For an understanding of the areas involved, reference may be made to figure 1 (the plot plan).

The town’s zoning by-law allows “[b]oarding and lodging houses, motels, inns, apartment hotels and apartment motels” in a single residence district subject to the issuance of a special permit by the board of appeals.

On March 11, 1972, one of the trustees had stated to various members of a neighborhood association that a single family dwelling was to be built on lot 4, and that there was no intention to rent rooms.

The judge found that on May 8, 1972, the board of appeals declared the building permit covering lot 3 to be invalid “as there was already a structure on this lot used for dwelling purposes (the converted garage) and that the zoning by-laws do not permit more than one building for dwelling purposes on one lot” and that no appeal had been taken from this decision. Plans in evidence show the converted garage to be on lot 3 (see figure 1). However, the decision of the board of appeals does not refer to the permit for lot 3. It refers rather to the original permit (issued on October 19, 1971, at which time there was no plan of subdivision into four lots) by number — 03810 (actually the application upon which the permit was issued was numbered 03810; the permit bore the number 03809) — holding that permit to be valid but then stating that “any other building permits and buildings on the property in question are invalid.” In view of the results we reach, we need not express an opinion on the effect, if any, of that decision.

A revised disposal plan subsequently submitted for lot 1 was found to be in compliance by the health agent, although further action on the permit application was withheld pending this appeal.

It is clear from the trial transcript that the case was tried on the footing that the intended use of the building was as an inn.

Briefs have also been filed by the Davisville Association, as amicus curiae, and by a resident of the area, who was permitted to intervene in both cases.
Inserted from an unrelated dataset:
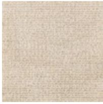
Body Fabric: 2637-34CC-P Performance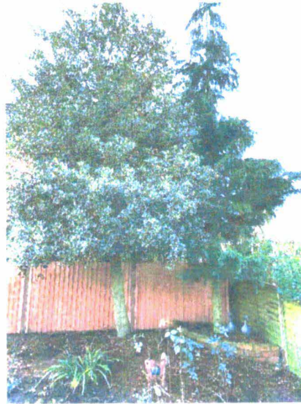
Image showing the SW corner of the garden to The White House showing the two trees closest to the boundary.

Leylandii – Located at 1.5m from the proposed new brick wall with:

“It is strongly urged that a mandatory injunction ought not to issue, for the reason that it would operate oppressively and inequitably, and impose on the defendant a loss disproportionate to the good it can accomplish ... This remedy is a drastic one, and ought to be applied with caution, but in cases proper for its exercise, it ought not to be withheld merely for the reason that it will cause pecuniary loss. It has been found that the defendant with full knowledge of the restrictions ‘deliberately attempted’ to override them, and thus to deprive the district of the character given it by the restrictions. He took his chances as to the effect of his conduct with eyes open to the results which might ensue.”

“The true inquiry in each case is whether the building or structure is legally usable (or modifiable and legally usable) and is intended to be used for a main or accessory use which is permitted by the applicable ordinance or by-law. Stow v. Pugsley, 349 Mass. 329, 334-335 (1965).”